- [THE TASK]: Your answer must be an exact copy of the data below, minus any pictures.

[Items from a dataset]
● ● ● ● ●

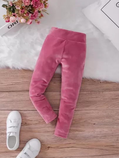 SHEIN Toddler Girls Solid Leggings - Hot Pink - View 1
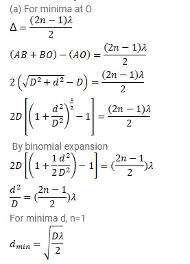 (a) Find the minimum value of $d$ so that there is a dark fringe at $O$.
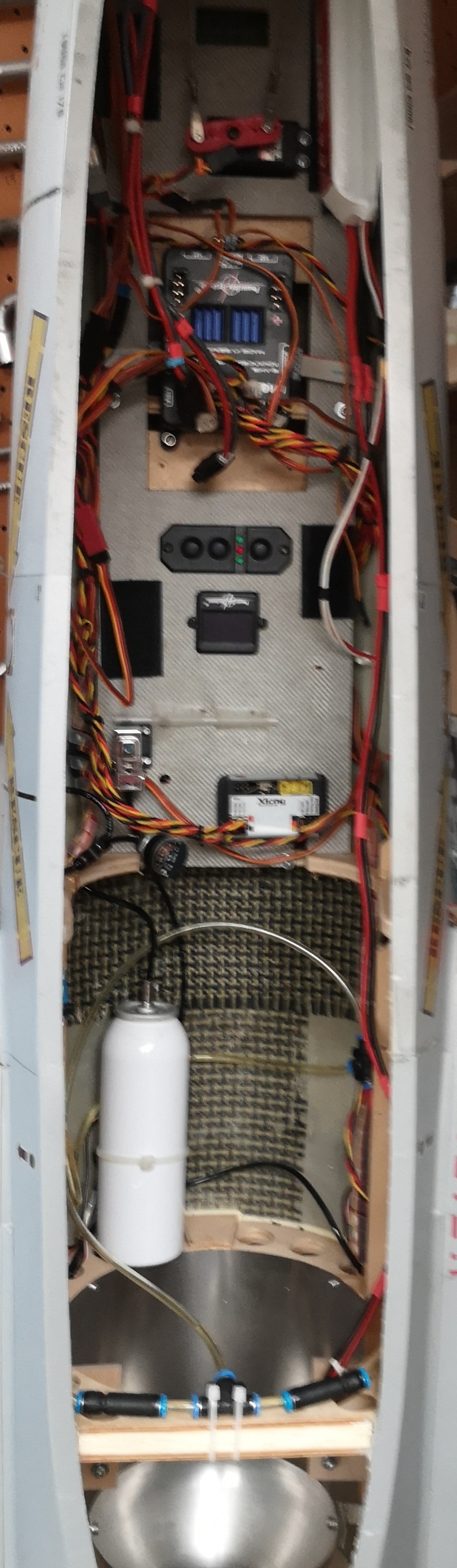 12 Servos , AF maquette ,Volets, train rentrant électrique et jambes Behotec C36, trappes de train maquette, freins pneumatique, cockpit maquette avec pilotes, éclairage, interface PowerBox Mercury SRS. Accus Lipo.
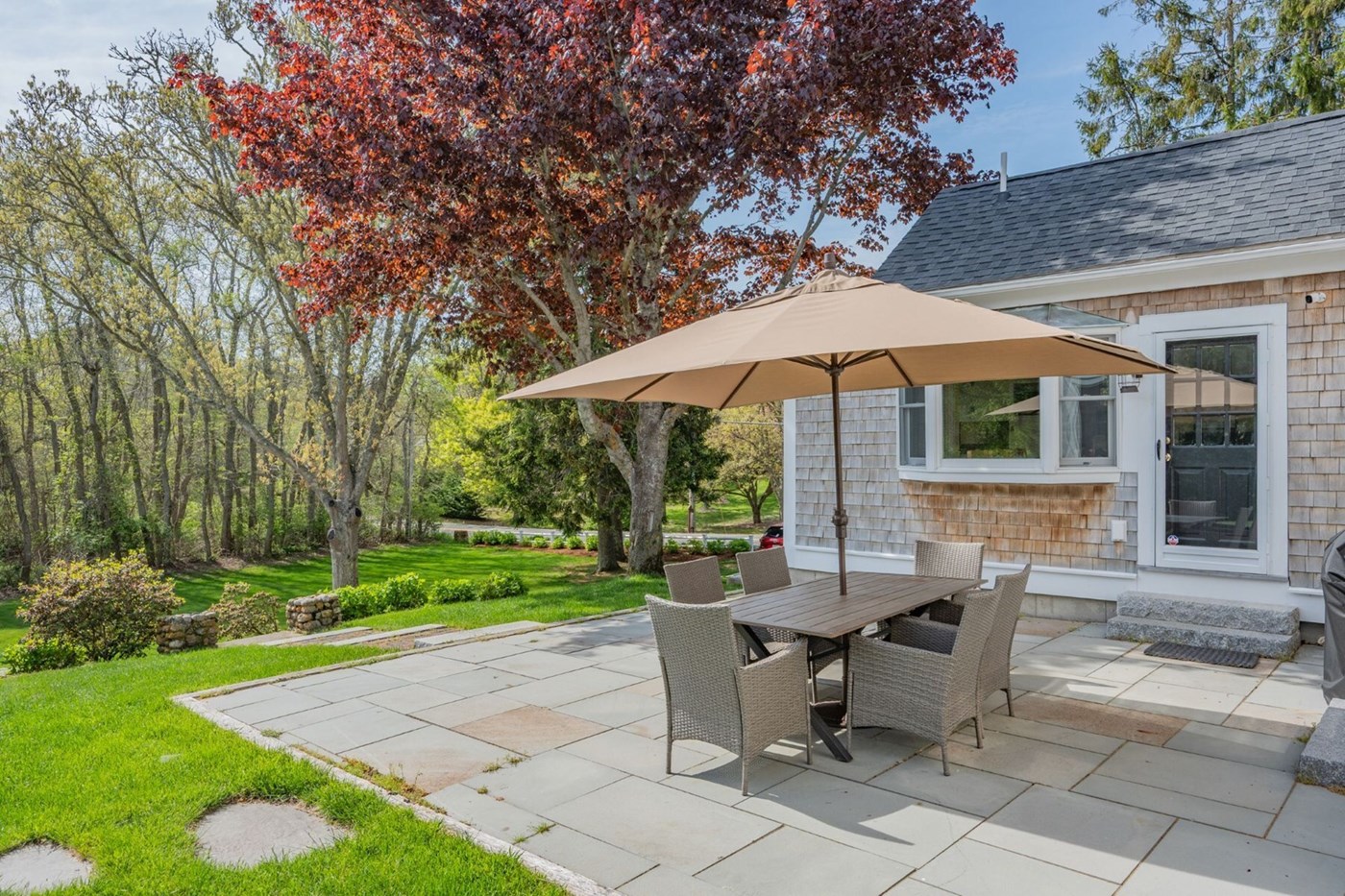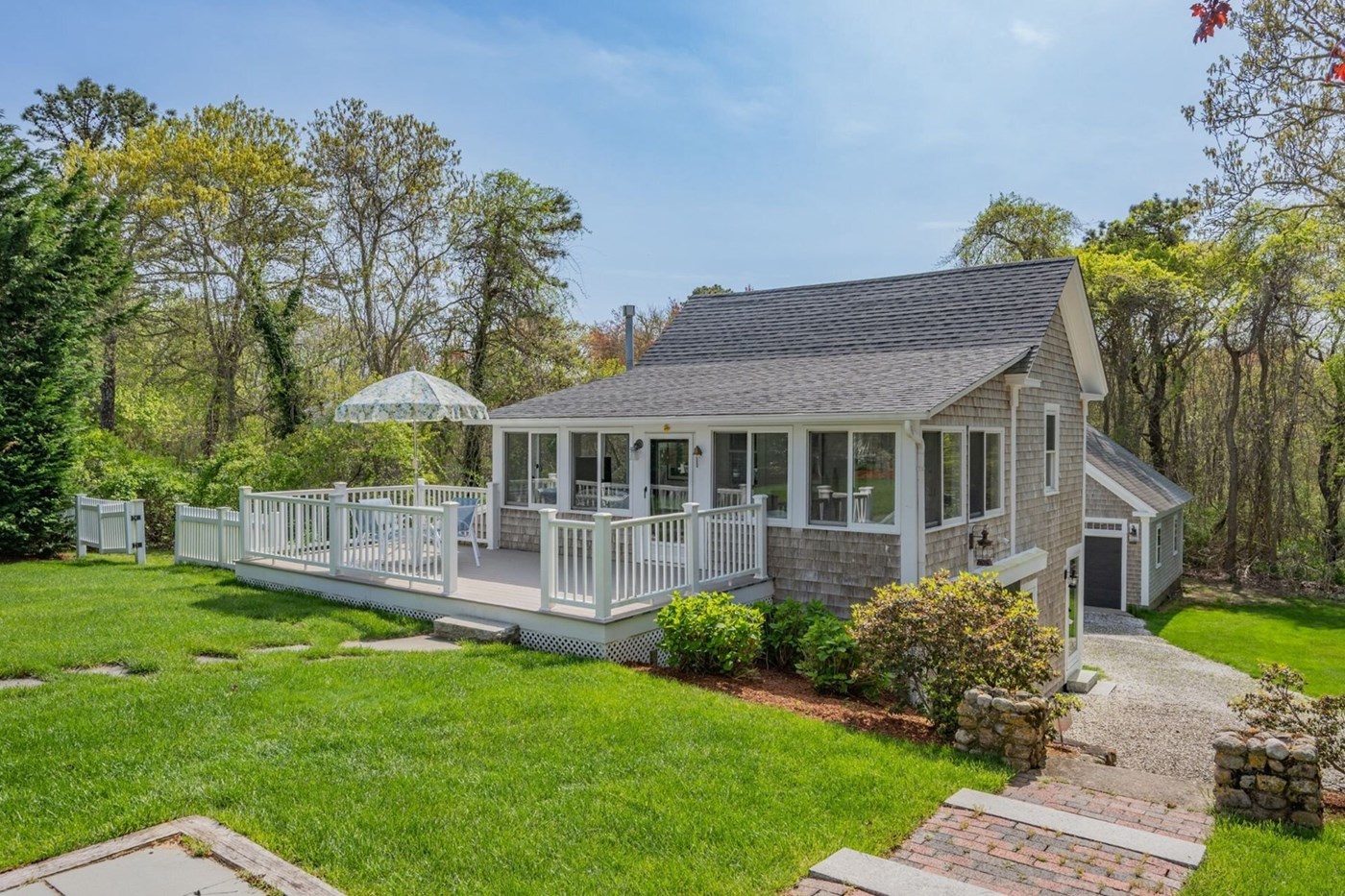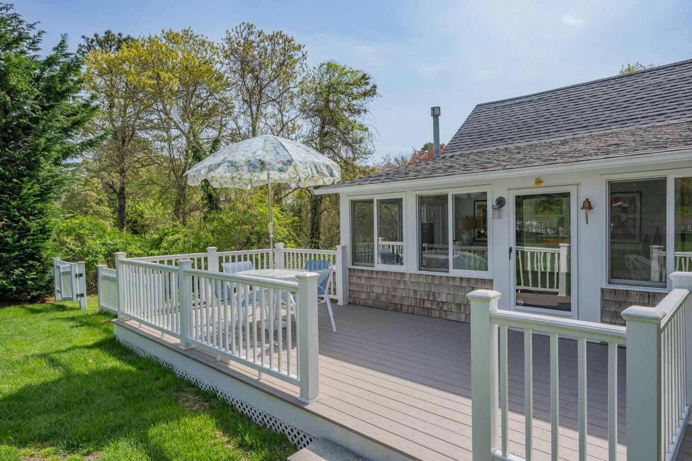 Exterior view of the Cottage deck with dining area
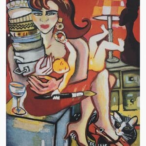 Der Pinsel gibt einen Hinweis, vielleicht handelt es sich bei diesem Motiv, die Grafik geht auf ein gleichnamiges Gemälde der Künstlerin zurück, ja um ein Selbstbildnis. „Kunst und Leben gehören zusammen“, sagt die Künstlerin. (Farbradierung von 4 Platten, Aquatinta)

● ● ● ● ●

- [TASK OUTPUT]:
 SHEIN Toddler Girls Solid Leggings - Hot Pink - View 1
 (a) Find the minimum value of $d$ so that there is a dark fringe at $O$.
 12 Servos , AF maquette ,Volets, train rentrant électrique et jambes Behotec C36, trappes de train maquette, freins pneumatique, cockpit maquette avec pilotes, éclairage, interface PowerBox Mercury SRS. Accus Lipo.
 Exterior view of the Cottage deck with dining area
 Der Pinsel gibt einen Hinweis, vielleicht handelt es sich bei diesem Motiv, die Grafik geht auf ein gleichnamiges Gemälde der Künstlerin zurück, ja um ein Selbstbildnis. „Kunst und Leben gehören zusammen“, sagt die Künstlerin. (Farbradierung von 4 Platten, Aquatinta)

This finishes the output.